*** Opening of SOURCE MATERIAL ***

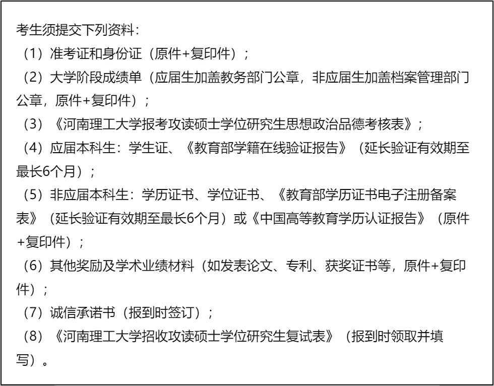 三、 复试资格审查需要准备的材料
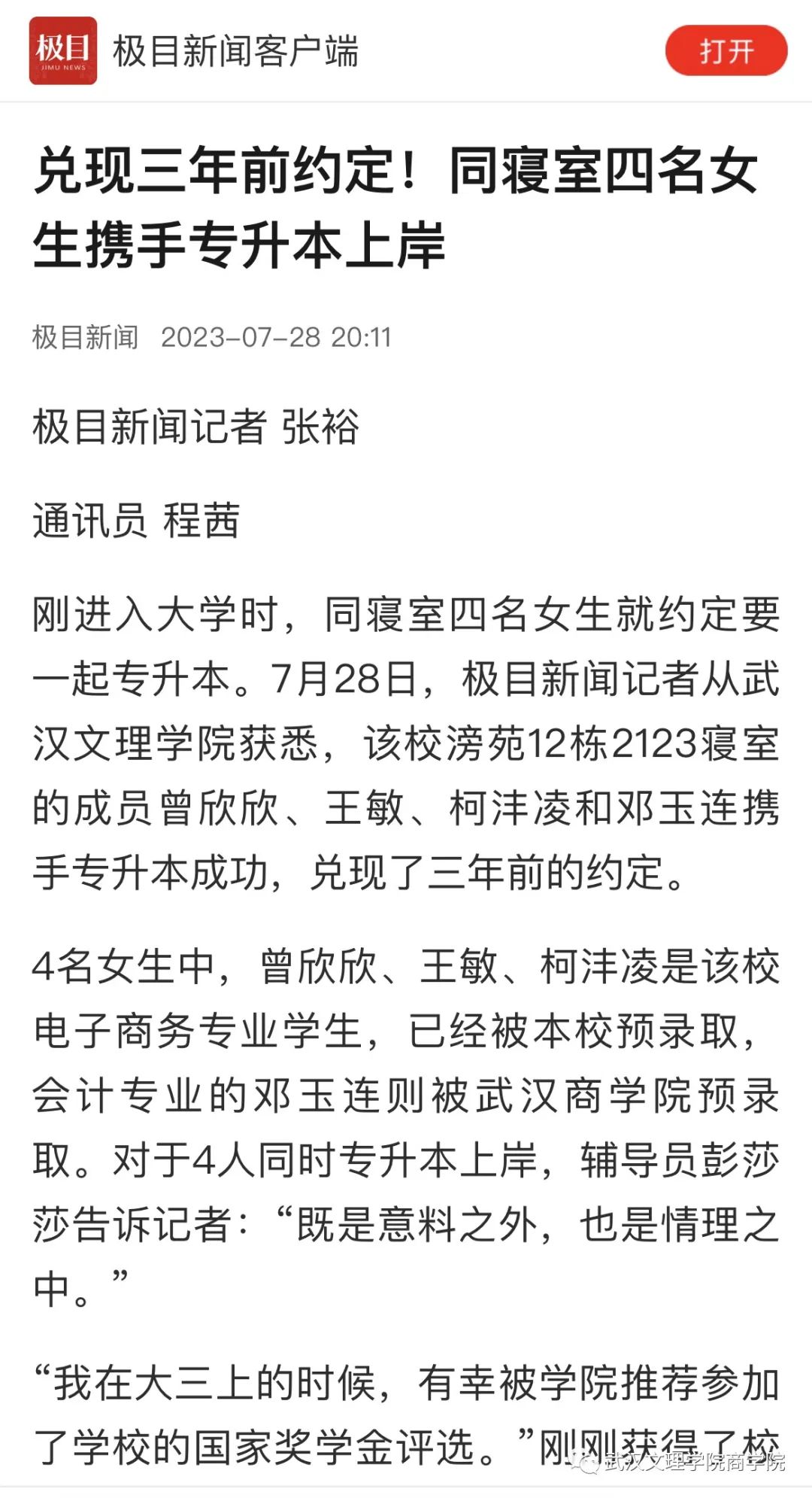 7月28日,极目新闻报道beat365中国官方网站同寝室曾欣欣、王敏、柯沣凌和邓玉连四名学生携手考取专升本的事迹。
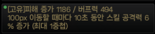 -100px 이동 할때 마다 10초 동안 스킬공격력 6% 증가
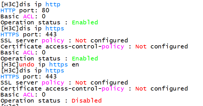[H3C]dis ip http HTTP port: 80 Basic ACL: 0 Operation status : Enabled [H3C]dis ip https HTTPS port: 443 SSL server policy : Not configured Certificate access-control-policy : Not configured Basic ACL: 0 Operation status : Enabled
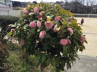 校庭の『乙女椿(おとめつばき)』が桃色の花を咲かせています。春到来を感じさせます。
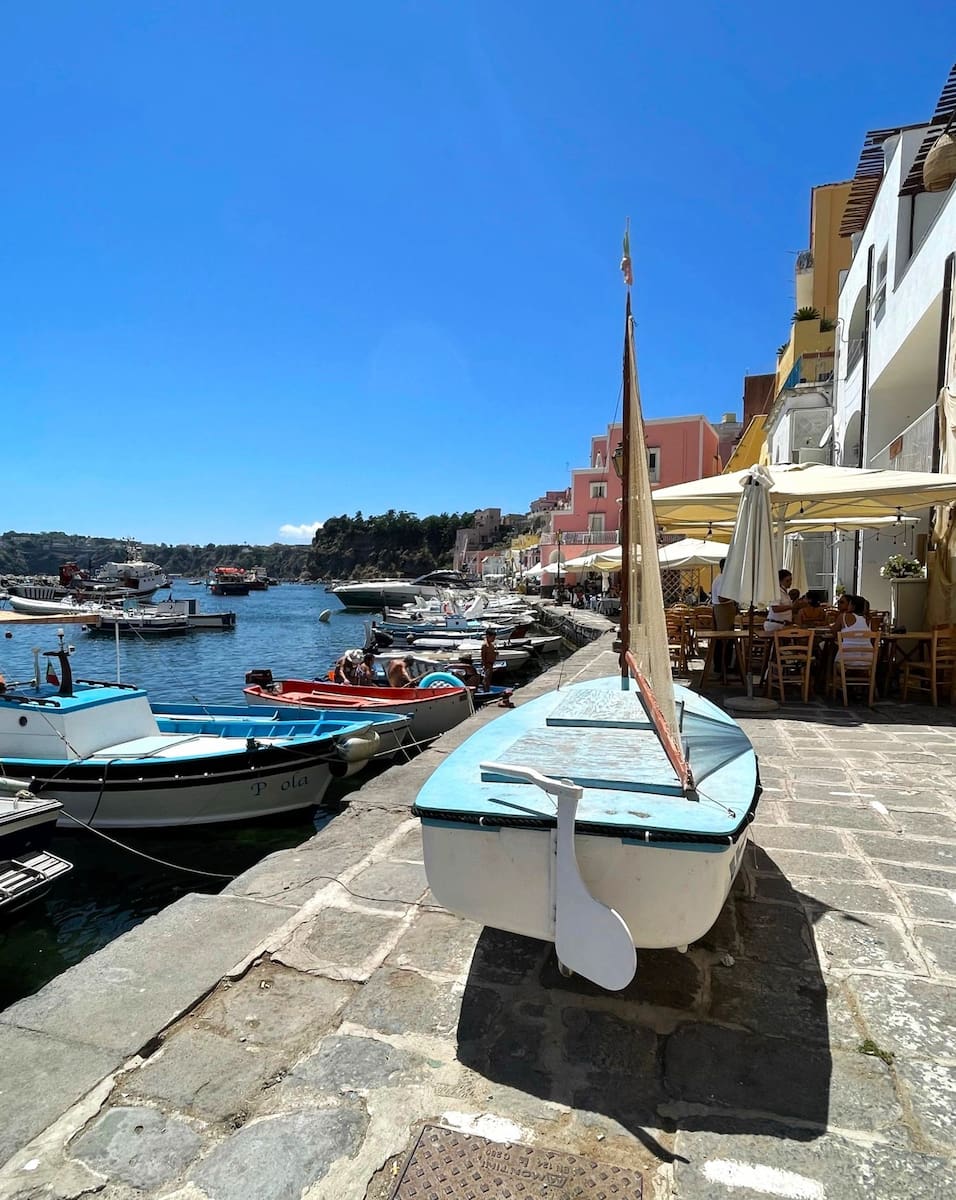 Un giorno è sufficiente per avere un buon assaggio di Procida, ma vorrei sempre avere più tempo a disposizione. In una gita di un giorno posso vedere Marina Corricella, salire a Terra Murata e visitare una spiaggia. Tuttavia, pernottando posso vivere l’isola senza la folla e godermi appieno i famosi tramonti. Se fate una gita di un giorno, vi consiglio di prendere il traghetto più presto e di programmare il ritorno tra le 18:00 e le 19:00 per evitare di correre.

*** Close of SOURCE MATERIAL ***

--- WHAT YOU HAVE TO DO ---
All entries above must be printed again verbatim, with images excluded.

--- YOUR SOLUTION ---
 三、 复试资格审查需要准备的材料
 7月28日,极目新闻报道beat365中国官方网站同寝室曾欣欣、王敏、柯沣凌和邓玉连四名学生携手考取专升本的事迹。
 -100px 이동 할때 마다 10초 동안 스킬공격력 6% 증가
[H3C]dis ip http HTTP port: 80 Basic ACL: 0 Operation status : Enabled [H3C]dis ip https HTTPS port: 443 SSL server policy : Not configured Certificate access-control-policy : Not configured Basic ACL: 0 Operation status : Enabled
 校庭の『乙女椿(おとめつばき)』が桃色の花を咲かせています。春到来を感じさせます。
 Un giorno è sufficiente per avere un buon assaggio di Procida, ma vorrei sempre avere più tempo a disposizione. In una gita di un giorno posso vedere Marina Corricella, salire a Terra Murata e visitare una spiaggia. Tuttavia, pernottando posso vivere l’isola senza la folla e godermi appieno i famosi tramonti. Se fate una gita di un giorno, vi consiglio di prendere il traghetto più presto e di programmare il ritorno tra le 18:00 e le 19:00 per evitare di correre.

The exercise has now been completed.